Zaten Yunan takımadaları bölgesinde,Müttefik komuta, çatışmayı barış içinde çözmek için son girişimde bulundu. Paşa İbrahim, Sultan adına görüşmeler sırasında, hemen hemen ihlal ettiği üç haftalık bir ateşkes sözü verdi. Bundan sonra, Müttefik donanması Türkleri Navarino Körfezi'ndeki bir dizi dolambaçlı manevralara kilitledi, burada güçlü kıyı bataryalarının koruması altında genel bir savaş vermeyi amaçladılar.
Navarino Savaşı büyük ölçüde kaybolduTürkler daha başlamadan. Bu oldukça dar körfezi seçtikten sonra, aslında sayısal bir avantajdan mahrum kaldılar, çünkü gemilerinin sadece küçük bir kısmı aynı anda savaşa katılabildi. Türk filosunun nalının dayandığı kıyı topçuları savaşta özel bir rol oynamadı.
Müttefikler iki sütunda saldırmayı planladılar: İngiliz ve Fransızların sağ kanadı ezmeleri gerekiyordu ve Rus askeri filosu - Türk filosunun sol tarafına yaslanarak rutini tamamlamak için.
8 Ekim 1827 sabahı, Anglo-Fransızcabir sütuna dizilmiş düşmana daha yakın olan filo, Türkler yönünde yavaş bir hareket başlattı. Bir topun atış mesafesine yaklaştıktan sonra gemiler durdu ve Amiral Codrington, tüfeklerden vurulan Türk milletvekillerine gönderildi. Atışlar savaşın başlangıcına bir işaretti: hemen her iki taraftan neredeyse iki bin silah konuştu, tüm koy hızlı bir şekilde duman dumanıyla doluydu.
Bu aşamada, Müttefik donanması kesin bir üstünlük elde edemedi. Dahası, Türk mermileri oldukça ciddi hasar verdi, Muhhari Bey sistemi sarsılmaz kaldı.
Savaşın sonucunun hala uzak olduğu bir zamandaGrevinin Türklerin sol kanadını hedef alan Rus Heiden filosunun aktif düşmanlıklar başlattığı açık değil. Her şeyden önce, fırkateyn "Gangut" on voleybolu yapmak için vakti olmayan kıyı bataryasını vurdu. Daha sonra, bir tabanca atışının yakınında duran Rus gemileri, düşman filosu ile bir yangın düellouna girdi.

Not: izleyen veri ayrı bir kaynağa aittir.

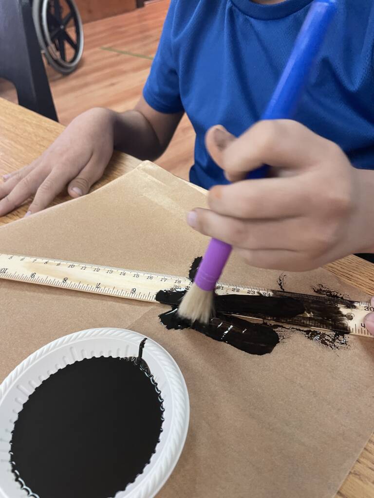 The first thing I have my students do is to either write their names or use their name stamp to mark the back of the ruler. Then students had to use the handheld sander to smooth the area around where I drilled the holes. I used a screwdriver to open the wood stain before using a scoop to gather some stain into a disposable bowl. A tack hammer was used to reclose the canister of stain. Several students wanted to try to close the stain. The tack hammer is light and my students enjoyed hammering the lid on. A disposable bowl was used to reduce the risk of spillage. While the stain is fairly easy to clean up, it can leave behind a long-lasting stain. Parchment paper was laid down to protect the table while staining the rulers. An added bonus was the parchment paper reduces sticking to the material under it. Disposable gloves were offered to protect the skin from staining. To allow for drying, the items were kept in a secure location within the classroom or I stored them in my car.

Savaşın ana yükü amiral gemisine düştüKomutanı yerli deniz komutanı M. Lazarev olan "Azov". Rus muharebe müfrezesine önderlik ederek, hemen iki düşman gemisini batırıp savaşa hemen katıldı. Bundan sonra, düşmanın amiral gemisinin ateş açtığı İngiliz “Asya” nın kurtarılmasına acele etti. Rus zırhlıları ve fırkateynleri savaşta örnek davrandılar: savaş oluşumunda kendilerine yönelik yerleri işgal ederek, şiddetli düşman ateşi altında açık ve zamanında manevralar yaptılar, Türk ve Mısır gemilerini birbiri ardına boğdular. Hayden filosunun çabaları, savaşta radikal bir değişiklik sağladı.
Navarino savaşı biraz daha sürdüdört saat ve çok yüksek bir ateş konsantrasyonu ve manevra doygunluğu ile ayırt edildi. Savaşın Türk topraklarında yapıldığı gerçeğine rağmen, buna daha hazırlıklı olduğu ortaya çıkan Türklerdi. Gemilerinin birçoğu hemen karaya oturdu ve kolay av oldu. Üçüncü saatin sonunda, savaşın sonucu belli oldu, Müttefikler gemileri kimin daha fazla batıracakları konusunda yarışmaya başladı.
Sonuç olarak, tek bir savaş gemisini kaybetmeden,müttefik filosu tüm Türk filosunu yendi: sadece bir gemi kaçmayı başardı ve gemi bile çok ciddi yaralanmalar yaşadı. Bu sonuç bölgedeki tüm güç dengesini önemli ölçüde değiştirdi.
Navarino'nun 1827'deki savaşı,bir başka Rus-Türk savaşı. Bir diğer sonuç Yunan-Türk güçlerinin dengesinde keskin bir değişiklik oldu. Böyle ezici bir yenilgiye uğrayan Türkiye, ciddi bir iç siyasi kriz dönemine girdi. Sadece geniş özerklik kazanmakla kalmayıp aynı zamanda tam bir bağımsızlık elde edebilen Helenlerin atalarına da bağlı değildi.
1827 Rusya tarihinde bir başkaaskeri ve siyasi gücünün teyidi. İngiltere ve Fransa gibi devletlerin desteğini aldıktan sonra, durumu Avrupa arenasında konumunu güçlendirmek için karlı bir şekilde kullanabildi.